To avoid picking up old messages when runs happen close together, set from_date right before triggering the SMS:
describe("SMS verification", () => {
const smsNumber = Cypress.env("MAILISK_SMS_NUMBER");
it("logs a user in via OTP", () => {
expect(smsNumber, "MAILISK_SMS_NUMBER").to.be.a("string").and.not.be.empty;
cy.visit("http://localhost:3000/login");
// Capture a lower bound so old SMS messages are ignored.
const searchStart = new Date();
cy.contains("Use SMS instead").click();
cy.get("#phone").type(smsNumber);
cy.get('form button[type="submit"]').click();
cy.location("pathname").should("eq", "/login/verify");
cy.mailiskSearchSms(
smsNumber,
{
body: "Your security code",
from_date: searchStart,
},
{
timeout: 1000 * 120,
},
).then(({ data }) => {
expect(data).to.not.be.empty;
const latest = data[0];
const otp = latest.body.match(/(\d{6})/)?.[1];
expect(otp, "OTP should be present in SMS body").to.not.be.undefined;
cy.get("#code").type(otp || "");
cy.get('form button[type="submit"]').click();
cy.location("pathname").should("eq", "/dashboard");
});
});
});
The cy.mailiskSearchSms call mirrors the official plugin docs.
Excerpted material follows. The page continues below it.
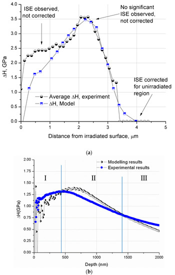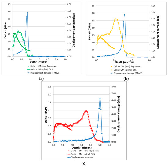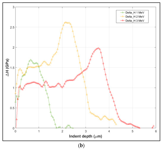 In order to correct for the sample/epoxy interfacial effect, and to calculate the hardness increase due to irradiation, the hardness profile of the unirradiated sample was subtracted from that of the irradiated samples. This was achieved after aligning all the samples to the reference of zero depth at the first indent on the epoxy–sample interface. The resulting ΔH-depth profiles for the sample irradiated with 1, 2, and 3 MeV He to a fluence of 1 × 1017 ions/cm2 are given in Figure 4b [15]. Some observations that can be made from this graph are: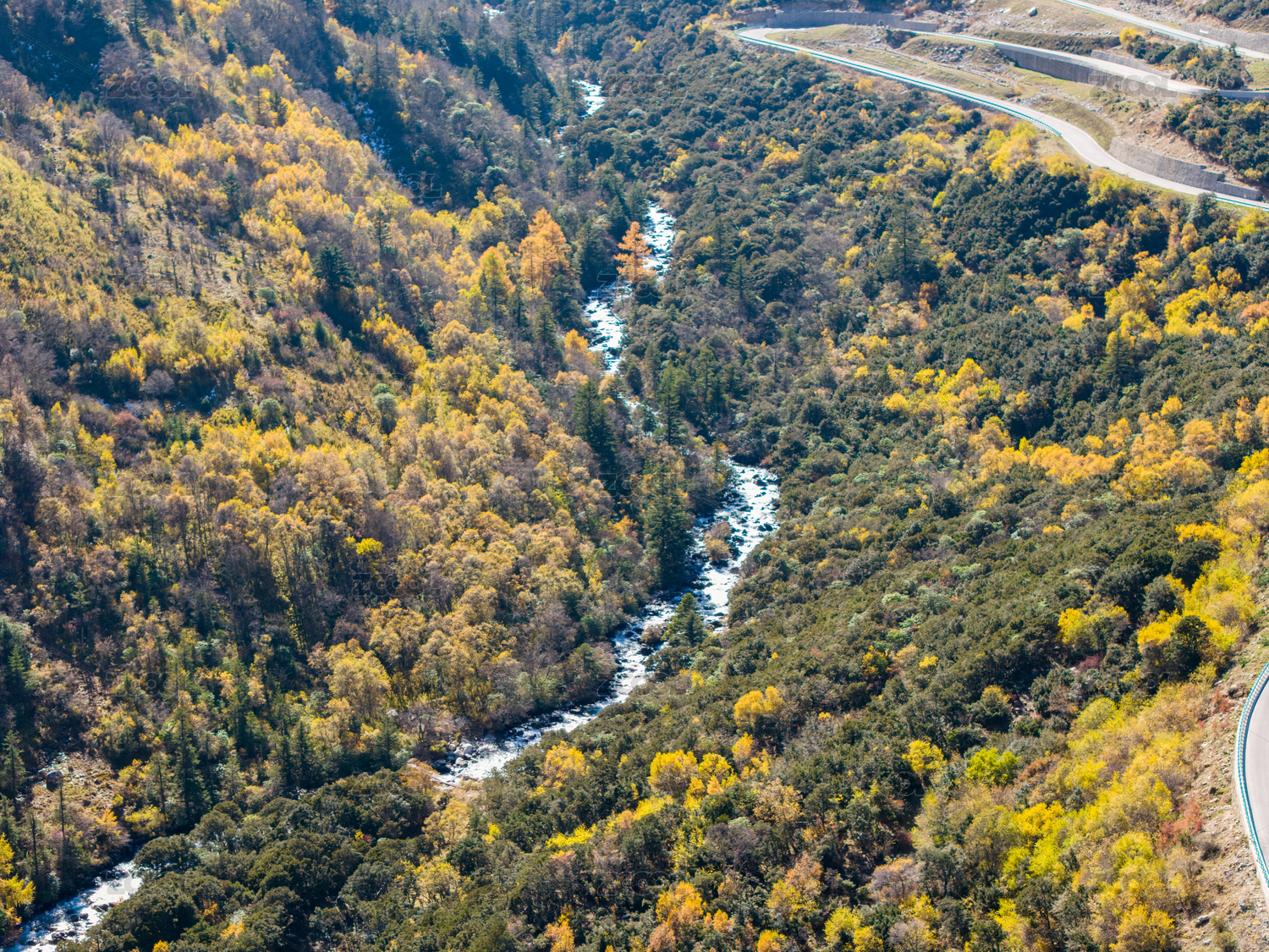 中国甘肃甘南夏河达宗圣湖秋天森林航拍风光

We scope the request with body plus from_date captured before sending the OTP, so we don't accidentally pick up an older message. Since the command already long-polls, the test simply waits until Mailisk returns a matching SMS.
Extracting the OTP
const searchStart = new Date();
cy.mailiskSearchSms(
smsNumber,
{
body: "Your security code",
from_date: searchStart,
},
{
timeout: 1000 * 120,
},
).then(({ data }) => {
expect(data).to.not.be.empty;
const latest = data[0];
const otp = latest.body.match(/(\d{6})/)?.[1];
expect(otp).to.not.be.undefined;
});
Mailisk stores the full SMS body, so extracting six digits is usually just a regex. You can add from_number if you also need to pin the sender.
Tip: Capture
from_dateimmediately before clicking "Send code". This scopes the search to the current run and helps prevent false positives.
Finish by submitting the OTP and optionally logging out/in again to prove the session is fully verified.
Final spec
Here's the full sms-verification.cy.js for easy reference:
describe("SMS verification", () => {
const smsNumber = Cypress.env("MAILISK_SMS_NUMBER");
it("logs a user in via OTP", () => {
expect(smsNumber, "MAILISK_SMS_NUMBER").to.be.a("string").and.not.be.empty;
cy.visit("http://localhost:3000/login");
const searchStart = new Date();
cy.contains("Use SMS instead").click();
cy.get("#phone").type(smsNumber);
cy.get('form button[type="submit"]').click();
cy.location("pathname").should("eq", "/login/verify");
cy.mailiskSearchSms(smsNumber, {
body: "Your security code",
from_date: searchStart,
}).then(({ data }) => {
expect(data).to.not.be.empty;
const latest = data[0];
const otp = latest.body.match(/(\d{6})/)?.[1];
expect(otp, "OTP should be present in SMS body").to.not.be.undefined;
cy.get("#code").type(otp || "");
cy.get('form button[type="submit"]').click();
cy.location("pathname").should("eq", "/dashboard");
});
});
});
With this in place you now have a Cypress spec that continuously validates your SMS login flow. Regressions in SMS delivery, message content, or verification logic will get caught during CI instead of production.